• [THE PROBLEM]: What you give back should be exactly the lines from the one with "ホワイトは生地に馴染む染み込" through the final line of the material, pictures removed; please add nothing.

[TASK INPUTS Boundary: Start]

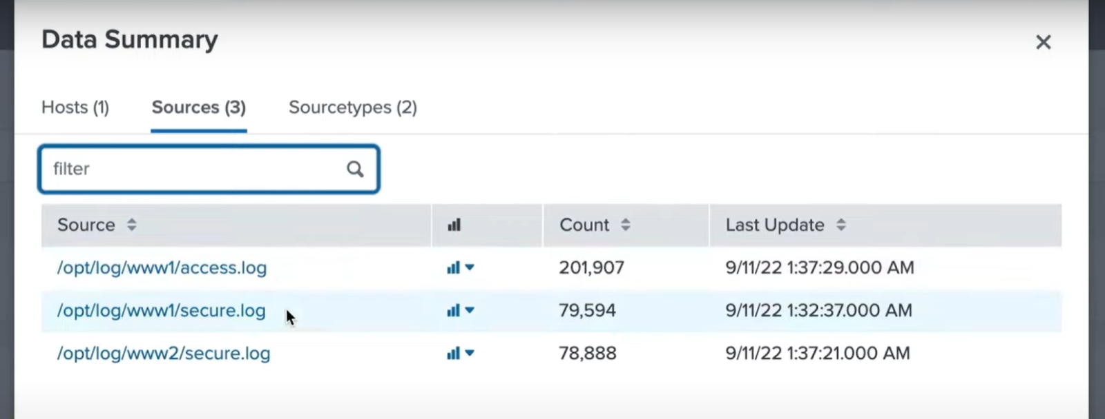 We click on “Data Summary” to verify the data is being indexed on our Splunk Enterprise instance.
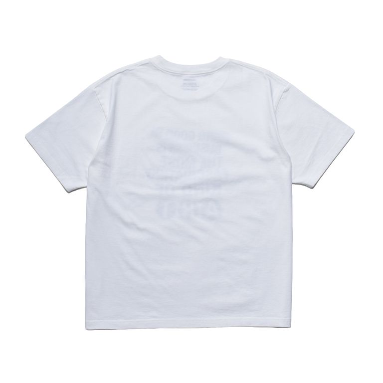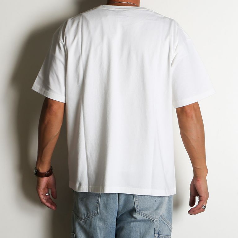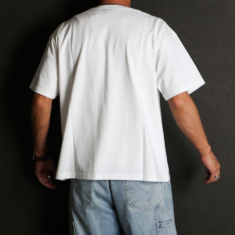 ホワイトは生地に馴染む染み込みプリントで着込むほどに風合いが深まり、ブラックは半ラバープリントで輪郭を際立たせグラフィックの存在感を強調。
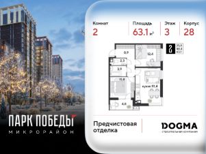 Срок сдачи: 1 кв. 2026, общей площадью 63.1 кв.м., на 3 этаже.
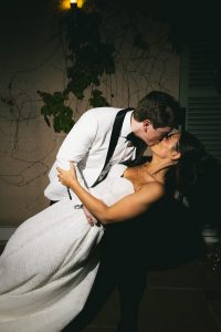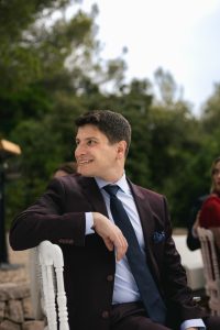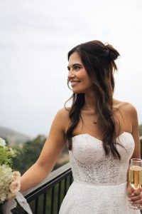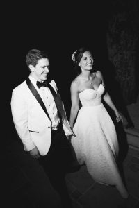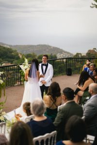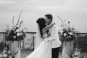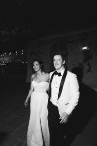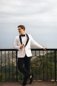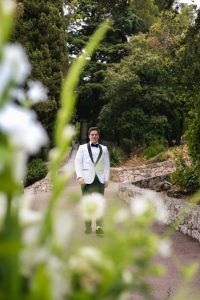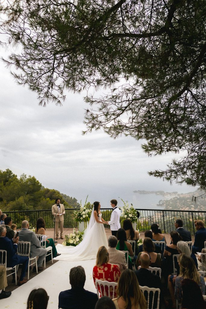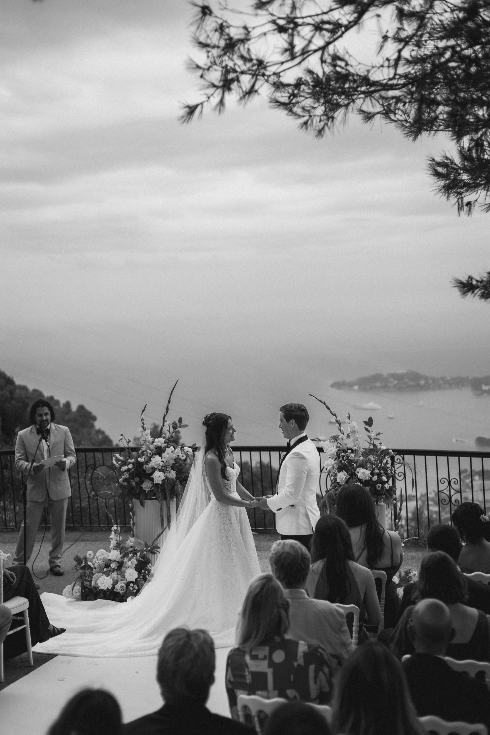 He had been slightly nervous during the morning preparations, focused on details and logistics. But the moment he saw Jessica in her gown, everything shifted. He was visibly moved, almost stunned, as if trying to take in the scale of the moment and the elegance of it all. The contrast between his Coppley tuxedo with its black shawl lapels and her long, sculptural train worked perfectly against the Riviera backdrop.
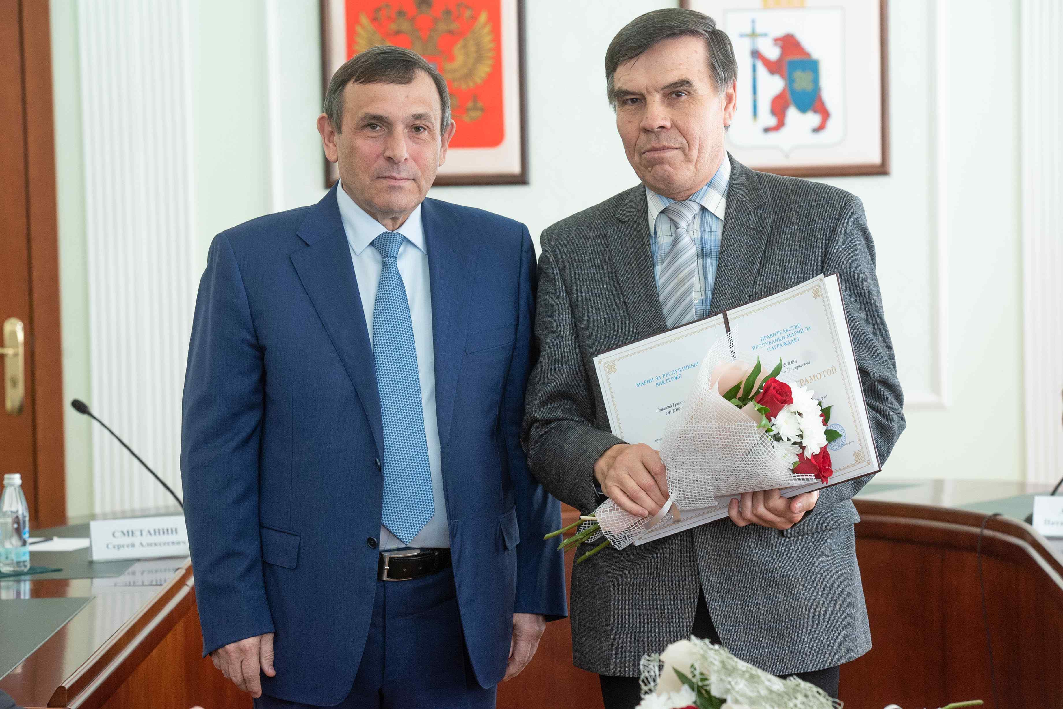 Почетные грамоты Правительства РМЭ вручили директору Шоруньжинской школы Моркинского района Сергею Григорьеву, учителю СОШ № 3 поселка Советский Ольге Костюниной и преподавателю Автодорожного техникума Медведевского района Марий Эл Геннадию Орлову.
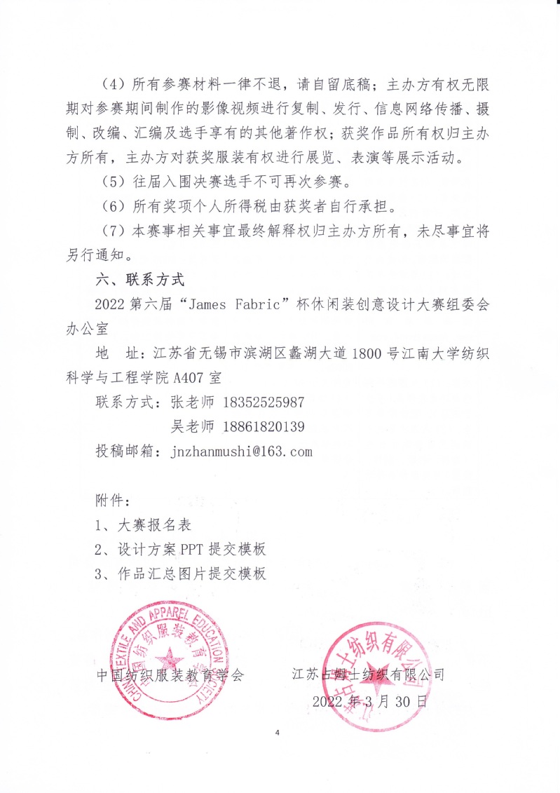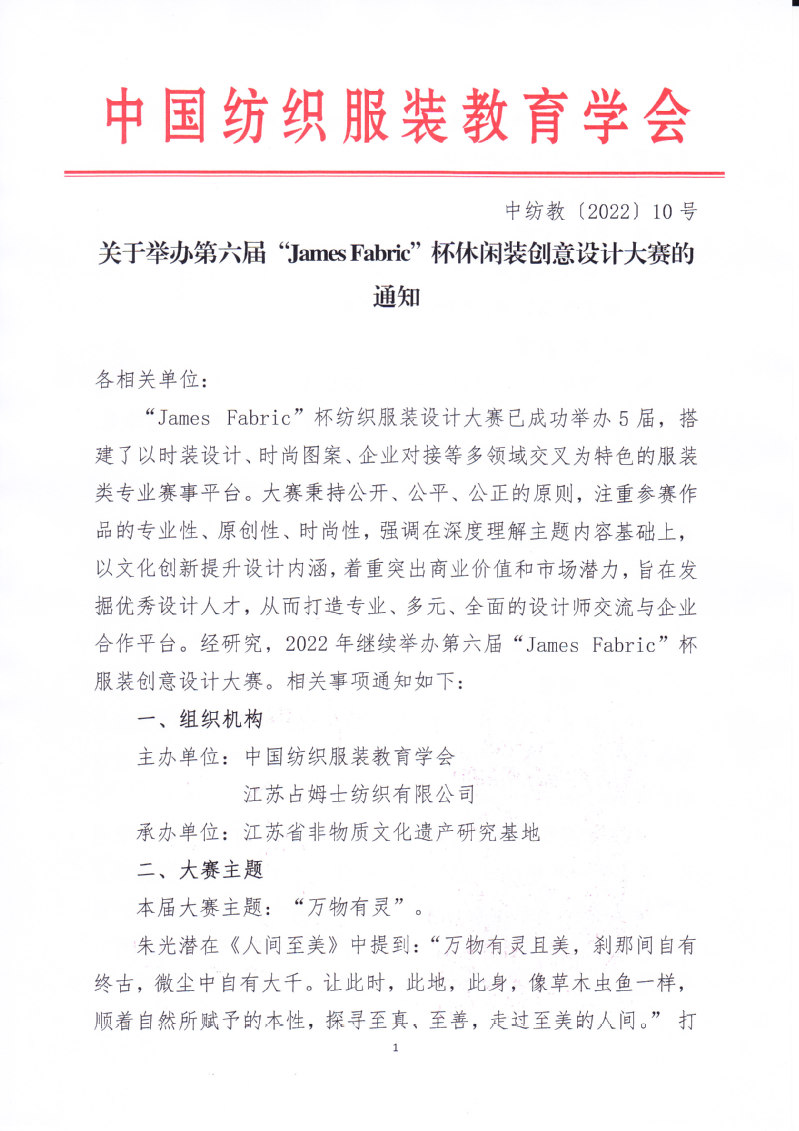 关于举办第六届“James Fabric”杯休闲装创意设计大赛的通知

[TASK INPUTS Boundary: End]

• [WRITTEN REPLY]:
 ホワイトは生地に馴染む染み込みプリントで着込むほどに風合いが深まり、ブラックは半ラバープリントで輪郭を際立たせグラフィックの存在感を強調。
 Срок сдачи: 1 кв. 2026, общей площадью 63.1 кв.м., на 3 этаже.
 He had been slightly nervous during the morning preparations, focused on details and logistics. But the moment he saw Jessica in her gown, everything shifted. He was visibly moved, almost stunned, as if trying to take in the scale of the moment and the elegance of it all. The contrast between his Coppley tuxedo with its black shawl lapels and her long, sculptural train worked perfectly against the Riviera backdrop.
 Почетные грамоты Правительства РМЭ вручили директору Шоруньжинской школы Моркинского района Сергею Григорьеву, учителю СОШ № 3 поселка Советский Ольге Костюниной и преподавателю Автодорожного техникума Медведевского района Марий Эл Геннадию Орлову.
 关于举办第六届“James Fabric”杯休闲装创意设计大赛的通知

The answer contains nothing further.